# Hey!



## KidRoberts (Jun 6, 2013)

Hey, all. I just stumbled across this site while looking up book collections. I love learning about all aspects of WWII and I like collecting WWII books. My main interest in WWII is about the Germans. I'd really like to learn more about the Luftwaffe. I'm also just starting to try to teach myself Afrikaans. I know VERY little, but I'm eager to learn the language.


----------



## DerAdlerIstGelandet (Jun 6, 2013)

Welcome to our dysfunctional family. Get involved and don't let lot scare you off...


----------



## Marcel (Jun 6, 2013)

Welkom op dit forum. Just curious, why Afrikaans and not the mother language Dutch?


----------



## Wayne Little (Jun 6, 2013)

G'day mate welcome aboard!


----------



## KidRoberts (Jun 6, 2013)

Marcel said:


> Welkom op dit forum. Just curious, why Afrikaans and not the mother language Dutch?

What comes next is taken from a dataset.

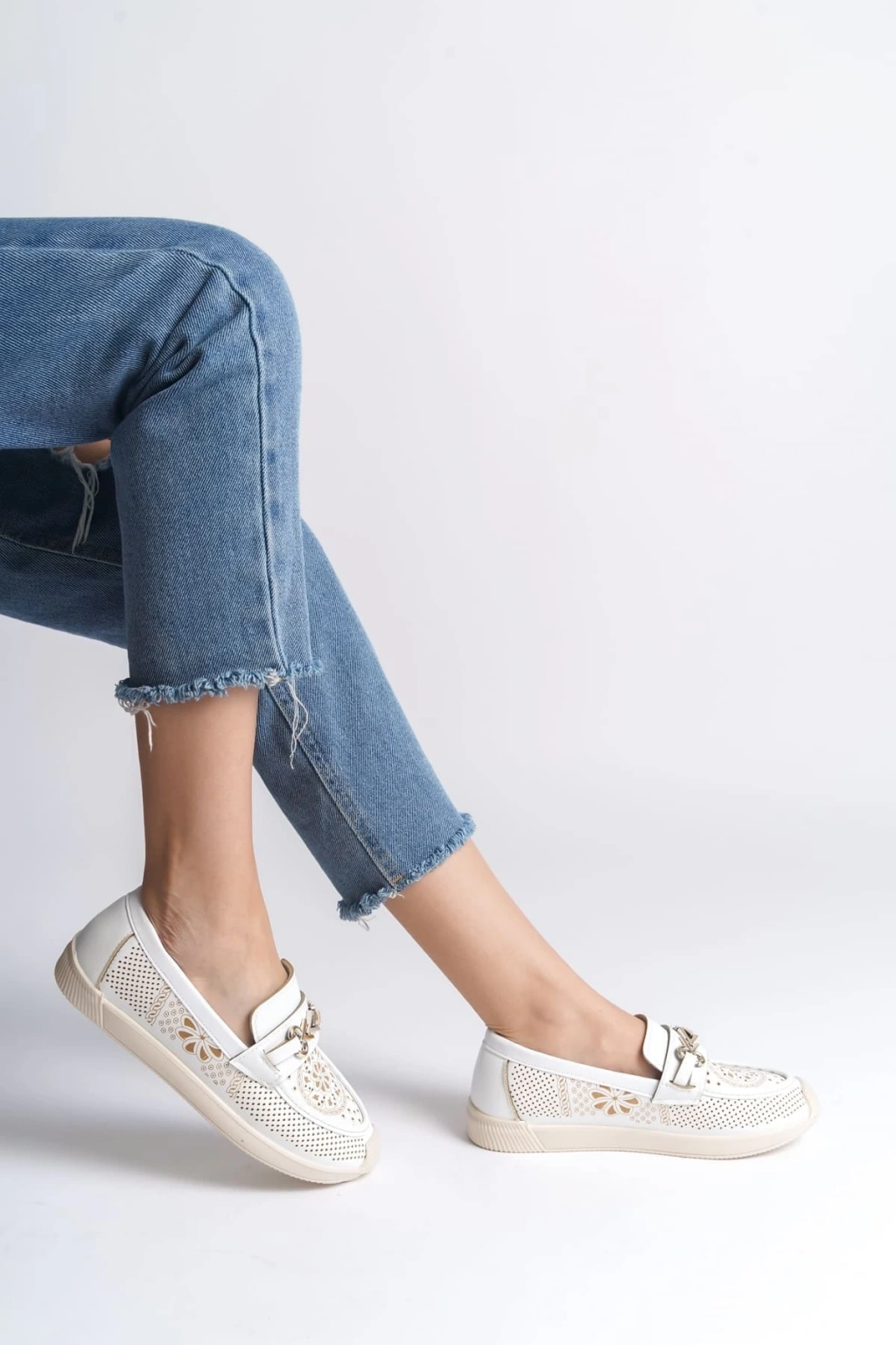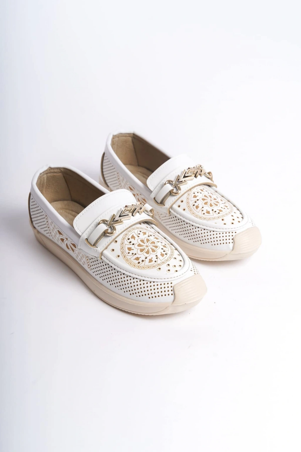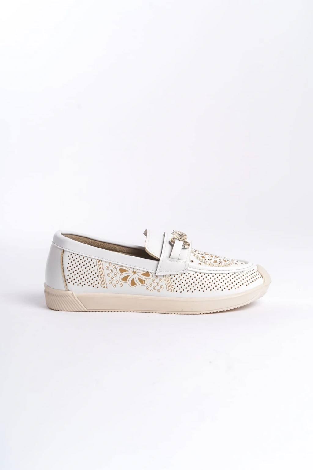 LILY Bağcıksız Ortopedik Rahat Taban Çiçek Desenli Kadın Babet Ayakkabı CKT - Beyaz

I plan on Dutch and then German after.


----------



## Marcel (Jun 6, 2013)

You have a hobby in languages? 
When you've learned Afrikaans, Dutch shouldn't be too difficult. Although I understand that the Afrikaner grammar is slightly less complicated then Dutch. I can understand Afrikaans pretty well, although they sometimes use weird words and the order of words in a sentence is different. German is pretty different from either Dutch or Afrikaans, although they might sound similar.


----------



## Gnomey (Jun 6, 2013)

Welcome.

As my Dutch friends said when I was in South Africa, Afrikaans is "pigeon/kindergarten Dutch"... Can understand/talk a little myself from when I was out in South Africa.


----------



## Thorlifter (Jun 6, 2013)

Welcome to the fun house. Ask all the questions you want, but maybe try to do a little research first. Hope you enjoy your stay!


----------



## meatloaf109 (Jun 6, 2013)

Hey yourself!
Welcome to the forum!


----------



## vikingBerserker (Jun 6, 2013)

Welcome aboard!


----------



## KidRoberts (Jun 6, 2013)

Marcel said:


> You have a hobby in languages?
> When you've learned Afrikaans, Dutch shouldn't be too difficult. Although I understand that the less complicated then Dutch. I can understand Afrikaans pretty well, although they sometimes use weird words and the order of words in a sentence is different. German is pretty different from either Dutch or Afrikaans, although they might sound similar.


 
Not really. I've always wanted to learn a language and I'm finally trying to actually learn. I took French for three years (school), but I couldn't tell you much of anything in French. I've listened to some Afrikaans (Afrikaner?) music and I've found I really like the sound of it and such. I also like the sound of Dutch. I have read where Afrikaans can open the gates for Germanic languages.


----------



## Njaco (Jun 6, 2013)

IIRC, Agrikaans is based on the Dutch language so like Marcel suggested, I would learn that first.

Welcome to the forum!


----------



## Marcel (Jun 7, 2013)

Njaco said:


> IIRC, Agrikaans is based on the Dutch language so like Marcel suggested, I would learn that first.
> 
> Welcome to the forum!


not necesarily. Afrikaans might be easier to learn for an English speaking person. Dutch is rather difficult as we make it a rule to always have an exception . 
Afrikaans is a daughter language of Dutch. It's actually 17th century Dutch that changed under heavy influence of English and Portugeese. Therefore we have most words in common, but the grammar differs quite a bit. Someone told me that Afrikaner have more difficulties understanding Dutch. Don't know if it's true, as I can understand Afrikaans quite well. 
Well KidRoberts good luck with your Afrikaans. If I can help you in any way with that, please let me know. Although understand that I speak Dutch, not Afikaans. There are some Afrikaner on the forum I think. henk comes in mind.


----------



## Matt308 (Jun 7, 2013)

I was thinking about Henk just the other day. Haven't seen him in a while.

Oh and welcome!


----------



## Njaco (Jun 7, 2013)

Does he know we only speak Swettish on the forum?


----------



## Wurger (Jun 8, 2013)

No, no... no Swettish but Fettish.... you have to keep your lips more puckered.


----------



## Lucky13 (Jun 8, 2013)

Ducklips?


----------